Unrealistic? Not at all, according to the experts at the Australian Academy of Science. In a submission to government on July 14, the Academy wants the targets close to doubled. It says the emission cuts by 2030 should be 74 per cent[2] and net-zero should be brought forward 15 years to 2035, 12 years hence. So make that roughly 40,000 new solar panels every day – bought from China, I assume- and daily installation of about three 7MW turbines until 2030.

The Academy’s acceleration will up our net-zero cost of $3 trillion , but whether it doubles it or quadruples it I have no idea. Malcolm Turnbull’s Snowy 2.0 has already had a five-fold cost blow-out to $10 billion-and-rising.

What’s a 7MW turbine involve? The 180 biggies for the Macintyre windfarm in Queensland are only 5.7MW. A turbine of 7MW is a 110m tower of steel and concrete on a vast concrete base, with total height, including 160m blade diameter, close to 200m. (These blades defy recycling).

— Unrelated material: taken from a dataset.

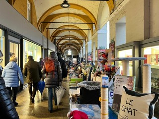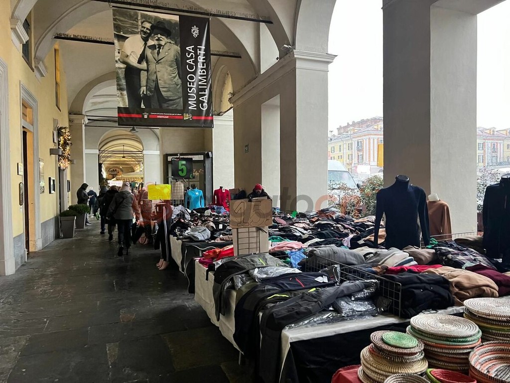 Sparuti banchi in piazza Galimberti, presenza più nutrita sotto i portici di via Roma.

Each turbine involves about 200 hectares of cleared land, along with rare and highly-toxic minerals and lubricants and more than 20 tonnes of copper.

So what, says the Academy climate experts, pencilling in more than 5000 of these beasts by 2030! I hope all the construction isn’t wasted – the turbines’ output is zero during the wind droughts across the Eastern States that can last for days, lulls overlooked by turbine advocates.

The Academy is, ahem, apolitical. Its science policy director, Chris Anderson, has his name on the July submission. He has a Monash University honours degree in history and a Melbourne University Master’s in Public Policy. Pre-Academy, he had been adviser and then chief of staff for six years to Labor Senator, Rudd-Gillard minister and factional warrior Kim Carr. Mr Anderson reports to Academy CEO Anna-Maria Arabia who attained Academy leadership in 2016 after three years part-time as policy director/principal adviser for then Opposition Leader Bill Shorten.[3] 

The submission says,

The Academy supports building to this more ambitious target noting the effort and behavioural changes that must be made to get even close.

To give you a feel for the “behavioural changes”, there’s some overseas reports. A UK government-funded report from Cambridge University engineers late last year says that to dump CO2 by 2050 – never mind by the Academy’s 2035 – UK construction sites would have to do without CO2-intensive bricks, glass and cement. The group’s previous report said that for the UK to get to zero-2050, all flying and shipping must stop, beef and lamb are to be severely rationed, along with home cooking and heating. Car traffic (even when it’s all electric) must fall by 60 per cent. These two reports, sensibly, don’t assume that presently untried or half-baked technologies will come to the rescue of our comfortable lifestyle.[4] Our Academy’s submissions swarm with such get-out-of-jail-free cards.

But this net-zero push is all impracticable anyway, because the world’s mining industry can’t possibly output the extra metals and materials needed, as the International Energy Association (IEA) has indicated. To meet the theorised demand for “clean energy technologies” by 2040, the IEA says key minerals supply must increase between two and four times. Electric vehicles and battery materials alone (graphite, copper, nickel etc) must increase by ten to thirty times.[5] But finding and developing even one new ore body involves a decade or more, assuming green lawfare doesn’t strangle such a project at birth. Adam Creighton in The Australian this week wrote,

Indeed, to accommodate the desired rollout of electric vehicles, the mining and processing of the minerals that underpin them, such as cobalt, nickel and lithium, would need to increase by several thousand per cent by 2040, according to Mark Mills, an energy expert at the Manhattan Institute.  “If it were to be achievable, it would be the largest single increase in demand or the supply of metals in all of human history,” he said.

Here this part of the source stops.